"From Books to Nature" Anna Botsford Comstock

Anna Botsford Comstock, Mother of the Nature Study Movement

Nico DeMouse
Anna Botsford Comstock is best known as a leading figure in the Nature Study movement of the 1890s and as the writer of the Handbook of Nature Study, first published in 1911. Educated in the first group of women to be admitted to the Ivy League, she went on to serve as the first woman faculty member at Cornell University . She co-authored and illustrated numerous books with her husband, the entomologist John Henry Comstock, serving as his assistant and partner throughout their marriage. She was named by the League of Women Voters as one 's twelve most influential women in a 1923 survey. She was instrumental in developing a progressive education based curriculum for the study of the natural world that is still in use today. According to the National Wildlife Federation, Comstock is "widely recognized as the mother of nature education." (Conservation Hall of Fame - National Wildlife Federation, n.d.)

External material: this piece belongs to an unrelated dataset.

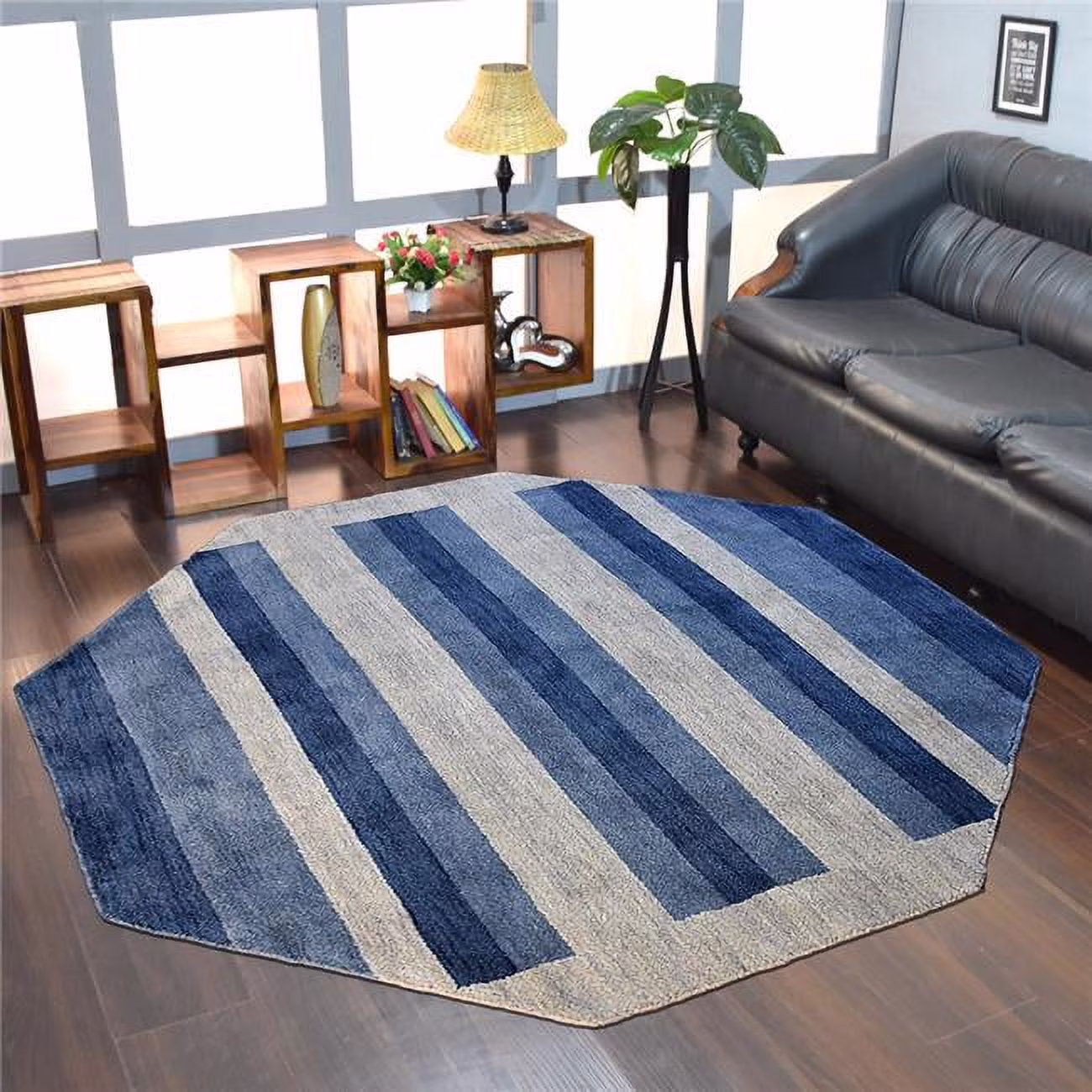Get My Rugs 8 x 8 ft. Hand Knotted Loom Wool Contemporary Octagon Area Rug - Blue & Light Blue

An excellent resource for teachers to introduce students to Comstock's life and work is Jeannine Atkins Girls Who Looked Under Rocks, a picture book account of the lives of six women naturalists. Atkins portrays Comstock as a woman who learned about nature as most children learn their native language, learning the names of insects and birds from a mother who loved nature as much as Anna did. Atkins mentions Anna's pursuit of a higher education, her marriage to John Comstock, her involvement with her husband's scientific work, and her own authoring of The Handbook of Nature Study. Atkins slim book is an excellent introduction to Anna Botsford Comstock, suitable for upper elementary or middle school readers.


Comstock first became involved in formal scientific work through her husband, Henry. Henry and Anna had first met at Cornell, where Henry had been the professor of one of Anna's natural science classes. During their courtship and marriage, Henry encouraged Anna's education and growth, both as a scientist and as an artist. Several sources mentioned Henry's gifts of India ink, brushes, and other art supplies to Anna. After their marriage, Henry was appointed as the chief entomologist at the USDA. Anna had been helping him as an unpaid assistant but was soon made an official employee. Anna would also accompany him to lectures he was giving to farmers and was soon drafted into giving presentations for the farmer's wives. When Henry's position, a political one, ended, they returned to Cornell. Back at Cornell, Anna completed her education and continued illustrating and assisting with the writing of her husband's entomology books.


In 1895, Anna was asked to assist with the development of a curriculum to promote knowledge and understanding of nature in an effort by the Committee for the Promotion of Agriculture in New York to encourage youth to remain in the New York
countryside, rather than migrating to the crowded urban areas. As a result of this involvement, Anna was quickly swept up in the Nature Study movement, helped in great part by Cornell University's Liberty Hyde Bailey. Anna worked in the field, established a Nature Study course for Cornell, taught, and wrote for teachers, children, and laypeople during this time. The program Anna helped to develop eventually became a national teacher education program.


The Handbook of Nature Study was Anna Botsford Comstock's life's work and her most lasting contribution to environmental education. It was a work that allowed her to combine her love of literature, art, education, and the natural sciences into one volume. Anna's sense of humor, understanding of the teaching profession, and love of the natural world is obvious in nearly every page of the almost one thousand page volume. Whole sections of the chapter, "The Teaching of Nature-Study" in The Handbook of Nature Study, read as true to a teacher in the early twenty first century as they must have to early twentieth century teachers.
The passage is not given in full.